▶ Task data:

*** Begin section ***

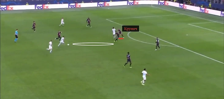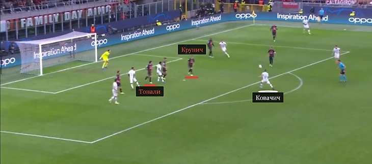 Лучший пример – второй гол «Челси». В рамках эпизода Раде Крунич опустился в линию защиты. «Милану» не хватило хавбека, чтобы прервать розыгрыш соперника перед штрафной.
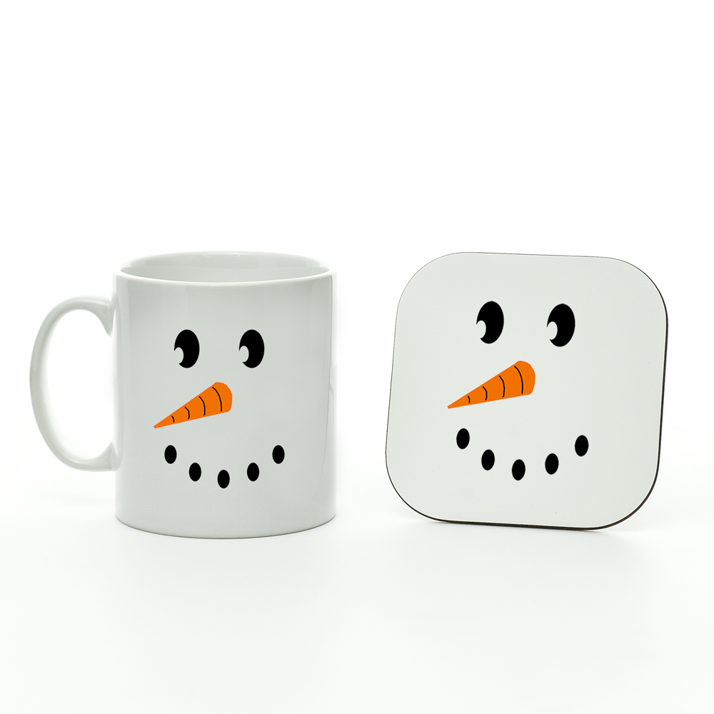 Snow Man Face Mug and Coaster Set, Christmas Gifts, Snowman Present, Stocking Filler, Christmas Gift Mug and Coaster Set, Christmas Present
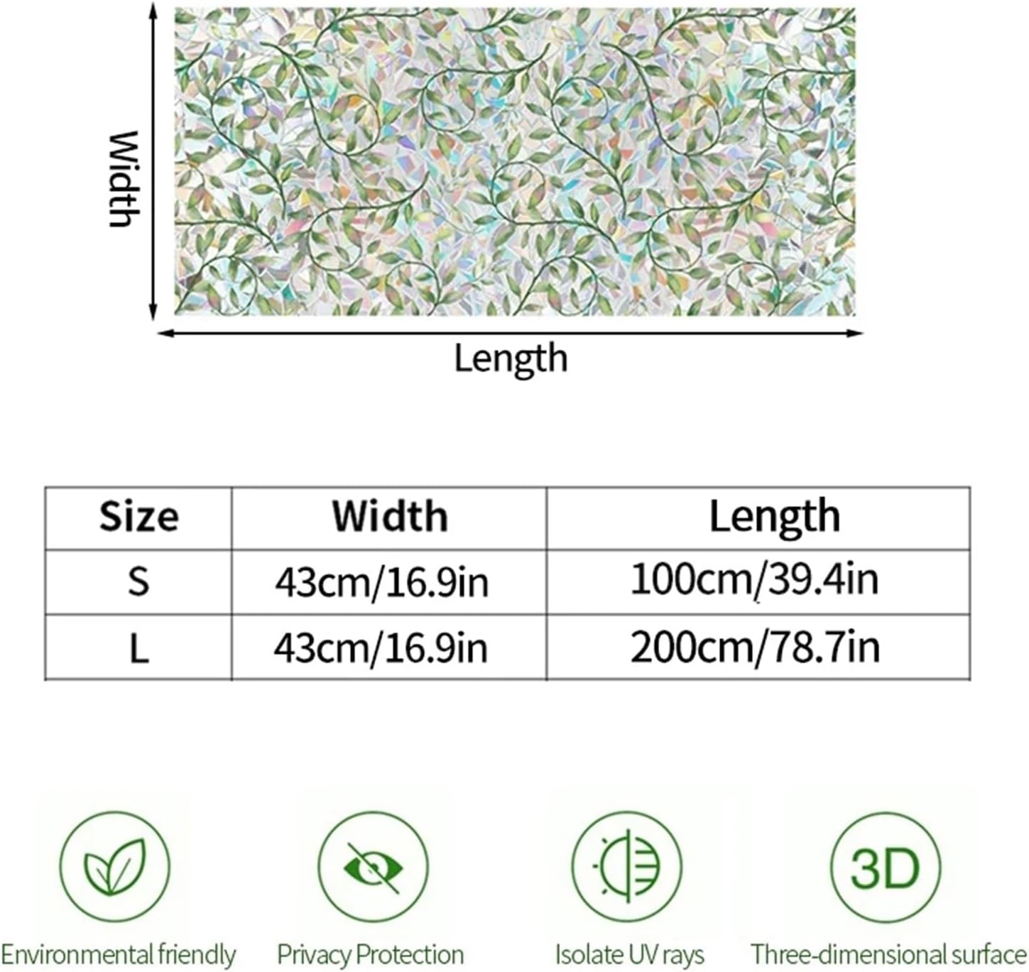 Removable Window Film: Experience the convenience of removable window film, allowing you to change your space's look without any permanent commitmentExquisite beauty: Our window films are uniquely designed to give a stunning effect in the sunlight, giving your windows a new visual experience and adding a touch of elegance to your windowsEfficient protection: Made from selected materials, our glass window films allow you and your family to enjoy natural light while protecting your furniture from direct sunlightPrivacy: Our window privacy films provide a translucent shield that blurs the view of the outside world while allowing soft daylight to enter, guaranteeing privacyEasy and hassle-free installation: Our window stickers can be easily removed and reattached, leaving no trace of their removal, making them suitable for all types of living spacesVersatility: Our window film decorative can be used in a variety of settings and window sizes, both in the home and in the office
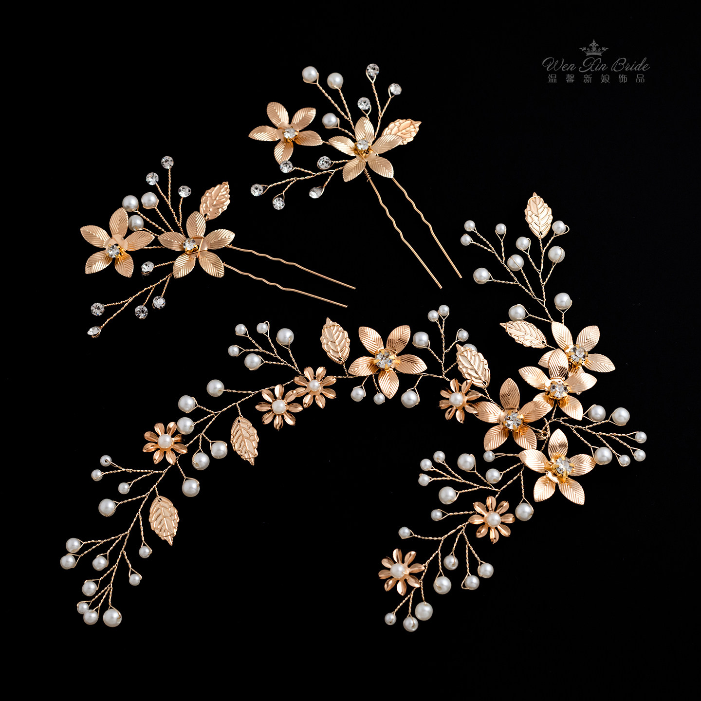 金色叶子花朵手工头饰新娘结婚饰品软链发绳盘发珠花发饰U夹套装
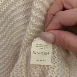 Free People Cotton Alpaca Oversized Cream Knit V Neck Long Sleeve Sweater XS
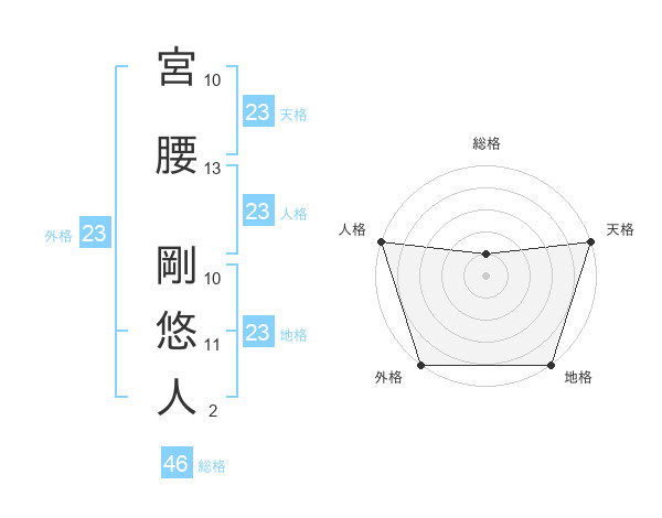 宮腰 剛悠人さんの外格は23画の5点!
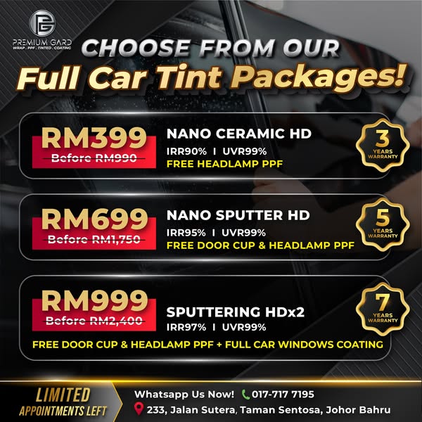 搜索关键词 car tinting Johor Bahru, car tinting JB, UV protection car tint, heat rejection car tint, car window tint优势 High IRR and UVR protection,Durable and long-lasting,Safety features (shatter-resistant),Privacy and clear visibility,Warranty and replacement
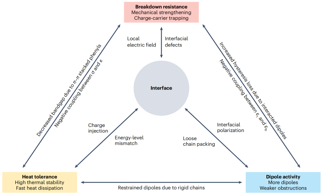 沈洋课题组首先从纳米技术的角度综述了高温储能聚合物电介质领域的研究现状。根据影响聚合物电介质高温能量密度的三个关键因素“介电常数”“击穿场强”和“热稳定性”,梳理了提高其高温能量密度的主要研究方向,包括提升介电常数的关键在于增加偶极子数目和减弱偶极子取向阻碍,增强击穿场强需要侧重电介质的机械增强和电荷捕获,保障性能热稳定性需要兼顾高结构热稳定性和快速热导。基于上述研究方向,课题组介绍了不同尺度的纳米技术,如宏观层面的纳米级表面包覆、填料层面的纳米填料掺杂、链段层面的聚合物交联、单体层面的聚合物结构设计等。此外,课题组还对高温储能聚合物电介质的未来发展方向进行了展望。
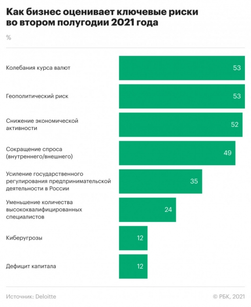 Компании назвали ключевые факторы риска на 2021 год, и большинство респондентов указали на колебания курсов валют и геополитический риск (по 53%). Причем уровень обеспокоенности геополитическими рисками вырос на 23 п.п. по сравнению со второй половиной 2020 года. Администрация президента США Джо Байдена, пришедшего к власти в начале 2021 года, ввела уже несколько раундов санкций в отношении России, в том числе санкции против покупки новых рублевых государственных облигаций на первичном рынке. Байден давал понять, что санкционное давление на Россию будет нарастать.

*** End section ***

Only the pictures are to be left out; the rest of the material above should be printed verbatim.

 Лучший пример – второй гол «Челси». В рамках эпизода Раде Крунич опустился в линию защиты. «Милану» не хватило хавбека, чтобы прервать розыгрыш соперника перед штрафной.
 Snow Man Face Mug and Coaster Set, Christmas Gifts, Snowman Present, Stocking Filler, Christmas Gift Mug and Coaster Set, Christmas Present
 Removable Window Film: Experience the convenience of removable window film, allowing you to change your space's look without any permanent commitmentExquisite beauty: Our window films are uniquely designed to give a stunning effect in the sunlight, giving your windows a new visual experience and adding a touch of elegance to your windowsEfficient protection: Made from selected materials, our glass window films allow you and your family to enjoy natural light while protecting your furniture from direct sunlightPrivacy: Our window privacy films provide a translucent shield that blurs the view of the outside world while allowing soft daylight to enter, guaranteeing privacyEasy and hassle-free installation: Our window stickers can be easily removed and reattached, leaving no trace of their removal, making them suitable for all types of living spacesVersatility: Our window film decorative can be used in a variety of settings and window sizes, both in the home and in the office
 金色叶子花朵手工头饰新娘结婚饰品软链发绳盘发珠花发饰U夹套装
 Free People Cotton Alpaca Oversized Cream Knit V Neck Long Sleeve Sweater XS
 宮腰 剛悠人さんの外格は23画の5点!
 搜索关键词 car tinting Johor Bahru, car tinting JB, UV protection car tint, heat rejection car tint, car window tint优势 High IRR and UVR protection,Durable and long-lasting,Safety features (shatter-resistant),Privacy and clear visibility,Warranty and replacement
 沈洋课题组首先从纳米技术的角度综述了高温储能聚合物电介质领域的研究现状。根据影响聚合物电介质高温能量密度的三个关键因素“介电常数”“击穿场强”和“热稳定性”,梳理了提高其高温能量密度的主要研究方向,包括提升介电常数的关键在于增加偶极子数目和减弱偶极子取向阻碍,增强击穿场强需要侧重电介质的机械增强和电荷捕获,保障性能热稳定性需要兼顾高结构热稳定性和快速热导。基于上述研究方向,课题组介绍了不同尺度的纳米技术,如宏观层面的纳米级表面包覆、填料层面的纳米填料掺杂、链段层面的聚合物交联、单体层面的聚合物结构设计等。此外,课题组还对高温储能聚合物电介质的未来发展方向进行了展望。
 Компании назвали ключевые факторы риска на 2021 год, и большинство респондентов указали на колебания курсов валют и геополитический риск (по 53%). Причем уровень обеспокоенности геополитическими рисками вырос на 23 п.п. по сравнению со второй половиной 2020 года. Администрация президента США Джо Байдена, пришедшего к власти в начале 2021 года, ввела уже несколько раундов санкций в отношении России, в том числе санкции против покупки новых рублевых государственных облигаций на первичном рынке. Байден давал понять, что санкционное давление на Россию будет нарастать.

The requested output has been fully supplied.